START INFORMATION SHOWN
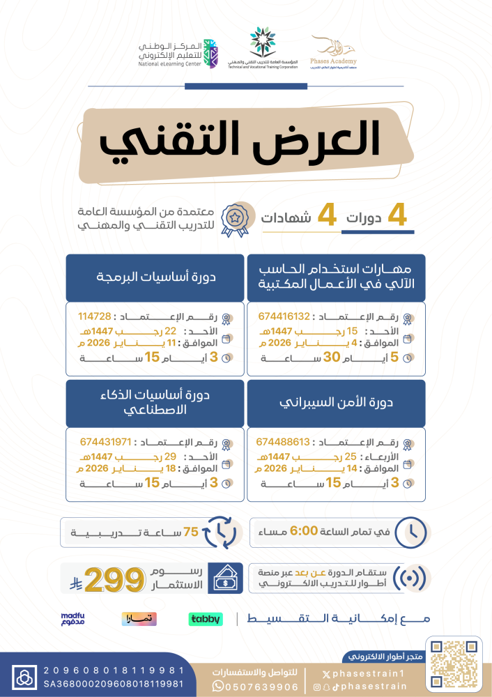 4 دورات = 4 شهادات تدريبية معتمدة من المؤسسة العامة للتدريب التقني والمهني .
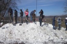 Сегодня в школе в рамках празднования Дня Земли учащиеся 8-10 классов вышли в пришкольный участок школы, раскидывали снег, наводили порядок
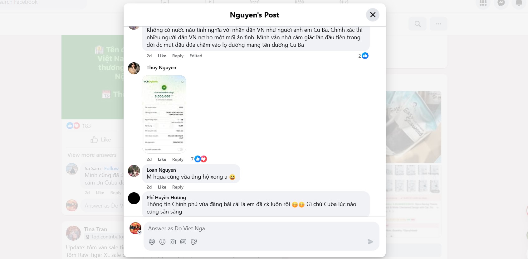 Có những thành viên chia sẻ nguyện vọng rất muốn ủng hộ Cuba nhưng không có tài khoản tiền Việt thế là ngay lập tức có thành viên hướng dẫn cách đến các đại lý chuyển tiền để có thể gửi tiền vào tài khoản của Hội Chữ Thập đỏ Việt Nam.
END INFORMATION SHOWN
**EXERCISE DETAILS**
From the first line to the last, return the material above exactly, apart from the pictures.

**EXERCISE RESPONSE**
 4 دورات = 4 شهادات تدريبية معتمدة من المؤسسة العامة للتدريب التقني والمهني .
 Сегодня в школе в рамках празднования Дня Земли учащиеся 8-10 классов вышли в пришкольный участок школы, раскидывали снег, наводили порядок
 Có những thành viên chia sẻ nguyện vọng rất muốn ủng hộ Cuba nhưng không có tài khoản tiền Việt thế là ngay lập tức có thành viên hướng dẫn cách đến các đại lý chuyển tiền để có thể gửi tiền vào tài khoản của Hội Chữ Thập đỏ Việt Nam.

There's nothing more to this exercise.